### PROVIDED MATERIAL
····················

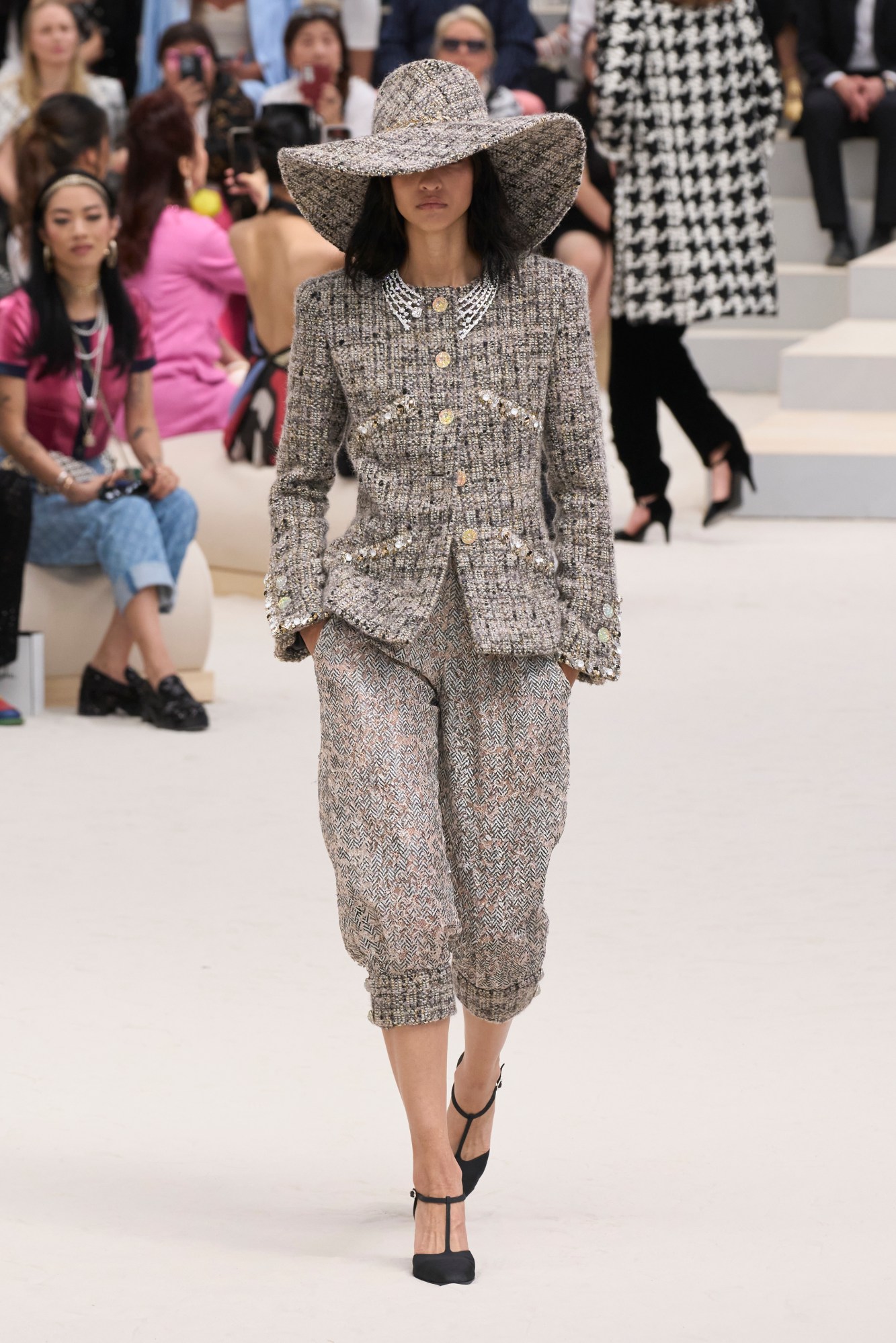 Chanel’s signature fabric, bouclé tweed, is not exactly lightweight, but in the hands of creative director Virginie Viard, the classic Coco suit looked resolutely cool on a day when temperatures rose to incendiary degrees in Paris. That is no easy task. Chanel is one of the grande dames of couture, a bastion of tradition and arguably the most couture-y of all couture houses, given that it’s the last one immune to brand collaborations, e-commerce and faddish experimentation. Chanel is couture, and couture is Chanel. But with that heavy mantle of heritage, there can sometimes be a reluctance to move the needle forward. Here, strides of progress and evolution are made in millimetres of soft pleating, delicate featherwork and the ever-so-slightly adjustments to the silhouette of that world-famous tweed suit. Speaking of which, this season they were given a slouchier fit with rounder shoulders and square backs, and worn with generously longer mid-calf skirts. The result was something of a cooling down of the sometimes-uptight bouclé look, a bit more relaxed and — even when worn with millions of euros worth of diamonds to celebrate the 90th anniversary of Coco Chanel’s first fine jewellery collection — a look that manages to make something as old as fashion itself seem like a desirable proposition for this autumn.
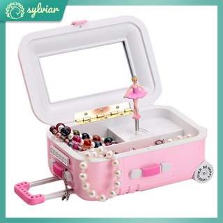 [sylviar] Hộp Nhạc Đựng Trang Sức Hình Vali Vẽ Hoạt Hình Bé Gái Có Bánh Xoay
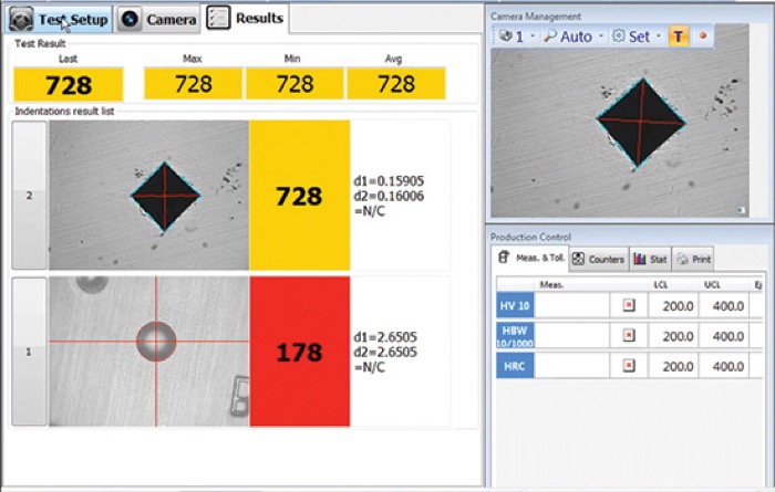 設置硬度計規模、負載力時間、照相機的性能、測試方法標準和轉換尺度。 |

····················

### REQUIRED WORK
I would like the data copied exactly as it stands, with no pictures included.

### RESPONSE TO THIS TASK
 Chanel’s signature fabric, bouclé tweed, is not exactly lightweight, but in the hands of creative director Virginie Viard, the classic Coco suit looked resolutely cool on a day when temperatures rose to incendiary degrees in Paris. That is no easy task. Chanel is one of the grande dames of couture, a bastion of tradition and arguably the most couture-y of all couture houses, given that it’s the last one immune to brand collaborations, e-commerce and faddish experimentation. Chanel is couture, and couture is Chanel. But with that heavy mantle of heritage, there can sometimes be a reluctance to move the needle forward. Here, strides of progress and evolution are made in millimetres of soft pleating, delicate featherwork and the ever-so-slightly adjustments to the silhouette of that world-famous tweed suit. Speaking of which, this season they were given a slouchier fit with rounder shoulders and square backs, and worn with generously longer mid-calf skirts. The result was something of a cooling down of the sometimes-uptight bouclé look, a bit more relaxed and — even when worn with millions of euros worth of diamonds to celebrate the 90th anniversary of Coco Chanel’s first fine jewellery collection — a look that manages to make something as old as fashion itself seem like a desirable proposition for this autumn.
 [sylviar] Hộp Nhạc Đựng Trang Sức Hình Vali Vẽ Hoạt Hình Bé Gái Có Bánh Xoay
 設置硬度計規模、負載力時間、照相機的性能、測試方法標準和轉換尺度。 |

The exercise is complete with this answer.